What about money laundering? When/if you ever work for a bank or an investment firm in the US, you'll take some training around money laundering (there are even tests at the end). The SEC (allegedly) holds these firms responsible for spotting, reporting, and stopping money laundering schemes. What happens when money laundering happens over an exchange? How will that be handled?
Sorry for the long-windedness...your anecdote just got me thinking.
wait... forget invite only - anyone could download.
Your rank would depend upon how early you became a member and how often you leave the app running. The mining load would increase/decrease depending upon how many users are running the app at the time.

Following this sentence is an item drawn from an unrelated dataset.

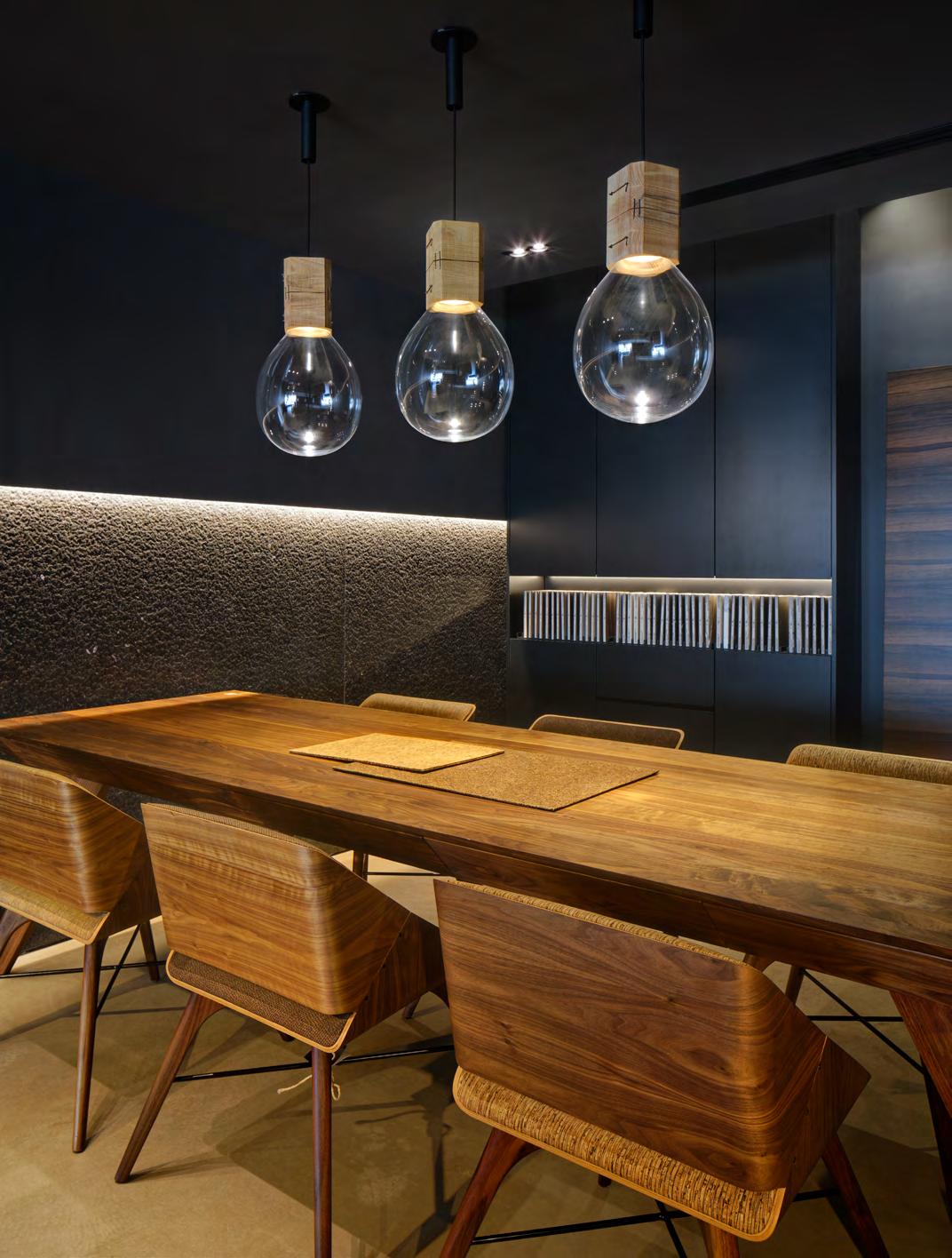 The collection consists of pendants in three sizes and a table lamp –making it a flexible tool for creating a bespoke space with its own unique journey. Because the collection’s spacial design concept is so versatile, it can be displayed alone or in clusters over dining tables, staircases or hospitality entrances, elevating guests from a fixed locale to a memorable, immersive experience.

I wonder if the new mobile GPU's are any good at mining scrypt-based currencies. It's possible that this could be fairly profitable. I don't think that long term this is going to replace ads though. Cryptocurrencies are too volatile at this point and I'd wager that ads are going to continue being much more profitable.
I had this as a day dream a month ago. Though it would work as in-app currency that I would give to the users and the servers / aws bill would be subsidized by the collective micromining.
This is why the permissions model needs to be improved - not just to deny/grant normal ones, but also to stop apps from unexpectedly running in the background.
Scrypt based coins (like doge) won't get hashrates nearly that high. For example, a GTX670 pulls in ~300kh/s while mining doge. 1.3mh/s would make the Galaxy faster than the current highest end graphics card[1]. A Raspberry Pi pulls in just under half a kilohash/sec[2]. So your number is probably about 1000x higher than it should be, based on the number for the Pi. $17/hour is a lot less attractive.
For a F2P app, the cost of doing this is basically 0 and the revenue will continue to increase as long as the app keeps getting popular. Doesn't matter if the revenue is small, it's still more revenue from your F2P app.
It's this close to a victimless crime (that is, unless the victim gets their CPU/GPU fried, as has happened with these nets before). But what about apps that use spare cycles while you're plugged in, or above 75% battery, or between hours x and y, to mine dogecoins for charity? People would voluntarily submit to that!